Why is the recording selected from radio archives “rare”? Is it perhaps because it’s one of the duller sets, with the solo piano feature “Hallelujah” maybe Waller’s tamest ever recording of it? He wasn’t tame in the “If You’re a Viper” recording the troops didn’t get to hear — and couldn’t have understood if unacquainted with the use, abuse, and effects of marijuana.

This CD isn’t all that bad a selection from the cross-section of orthodox Waller the public knew and loved, but while Charlie Shavers’s “Undecided” was a rare inclusion of better material in that repertoire, well, the performance is poor, rhythmically lumpy, the tempo amiss, with a performance matching all that could be done with some standard songplugger’s rubbish. November ’34 had everything, from fresh comedy to good music, the ideal repertoire from all sides. We do have a long organ performance in a style which re-emerged full-blown at the feet and fingers of Count Basie on one of his memorable two-keyboard recordings with Oscar Peterson, a large sound nothing like subsequent jazz organists. On this 1927 title there’s modest vocal encouragement and surprisingly late in the performance a vocal from the admirable Alberta Hunter, “Beale Street Blues”. The closer, “‘Tain’t Nobody’s Bizness If I Do” (1940), taken at a brisker pace than usual, is one of the best performances by Waller and his Rhythm. There are even hints of the piano style that might have been to come.
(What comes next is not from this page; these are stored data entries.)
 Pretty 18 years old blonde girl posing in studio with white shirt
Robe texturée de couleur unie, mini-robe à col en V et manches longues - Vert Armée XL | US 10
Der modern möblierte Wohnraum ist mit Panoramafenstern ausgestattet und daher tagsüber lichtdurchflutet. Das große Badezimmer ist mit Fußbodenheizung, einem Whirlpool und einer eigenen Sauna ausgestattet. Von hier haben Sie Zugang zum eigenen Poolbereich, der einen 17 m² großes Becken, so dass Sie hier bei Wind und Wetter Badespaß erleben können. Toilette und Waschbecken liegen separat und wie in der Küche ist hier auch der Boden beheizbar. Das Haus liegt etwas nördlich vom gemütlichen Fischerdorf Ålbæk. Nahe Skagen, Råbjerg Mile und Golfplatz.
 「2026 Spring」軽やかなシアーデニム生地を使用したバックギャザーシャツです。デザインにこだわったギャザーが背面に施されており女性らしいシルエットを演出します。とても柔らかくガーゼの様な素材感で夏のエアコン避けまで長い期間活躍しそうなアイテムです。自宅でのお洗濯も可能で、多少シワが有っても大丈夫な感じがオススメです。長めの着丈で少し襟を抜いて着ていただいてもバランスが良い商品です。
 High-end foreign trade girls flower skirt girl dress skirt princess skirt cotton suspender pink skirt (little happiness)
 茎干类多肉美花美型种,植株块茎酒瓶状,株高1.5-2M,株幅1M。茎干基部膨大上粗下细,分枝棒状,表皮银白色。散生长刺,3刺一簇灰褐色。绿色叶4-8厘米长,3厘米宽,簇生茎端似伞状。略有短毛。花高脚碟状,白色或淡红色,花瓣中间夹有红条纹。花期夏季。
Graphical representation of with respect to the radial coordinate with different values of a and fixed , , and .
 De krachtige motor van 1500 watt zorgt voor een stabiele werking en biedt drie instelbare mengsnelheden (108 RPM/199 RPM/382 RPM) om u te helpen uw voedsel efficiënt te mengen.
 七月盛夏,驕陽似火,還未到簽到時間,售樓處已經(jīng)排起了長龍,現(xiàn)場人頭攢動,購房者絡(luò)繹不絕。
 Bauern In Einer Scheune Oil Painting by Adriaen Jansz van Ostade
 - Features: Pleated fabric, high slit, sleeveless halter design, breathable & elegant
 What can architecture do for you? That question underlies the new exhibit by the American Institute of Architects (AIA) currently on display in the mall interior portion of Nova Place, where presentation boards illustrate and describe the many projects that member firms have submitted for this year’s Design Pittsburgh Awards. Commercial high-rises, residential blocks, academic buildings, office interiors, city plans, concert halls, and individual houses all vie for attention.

Waller’s talents bespoke a considerable future as musician as well as entertainer and songwriter. He died not, I think, of “overwork rather than pneumonia”, as Mike Lipskin’s sleevenote has it, but of his whole way of life and situation. Not mentioned by Lipskin, in Paris in the 1930s Hugues Panassie found him a quiet enough spirit, with an enthusiasm for one vin du table which could only be accounted for by naivety and the effects of prohibition bathtub gin on his palate. Waller was entranced by the organ (the “God-Box”) in Notre Dame Cathedral, and in London he composed and recorded a suite of piano solos as well as (with Scottish, English and Caribbean musicians) more items on his standard recording pattern of the time. Waller toured in the USA sometimes with a more or less ad hoc big band, recording one masterpiece (which could have been here!) in “I Got Rhythm”. It has one of the only five or six soprano sax solos ever recorded by Emmett Matthews, a rare individual voice on that horn. The band itself hardly saw the inside of a studio, but its “I Got Rhythm” includes representation of Waller’s nightly on-stage duel with the staff pianist, the tiny sorely neglected Hank Duncan. It was modelled on the “cutting contests” which went on at those rent parties so much is made of in Professor Lipskin’s notes. The still earlier band called “Fats Waller and his Buddies” deserves mention too. On such music, Mike Lipskin also had a hand in some of the better efforts to represent Waller qua musician which can be found in the CD repertoire. See www.allmusic.com.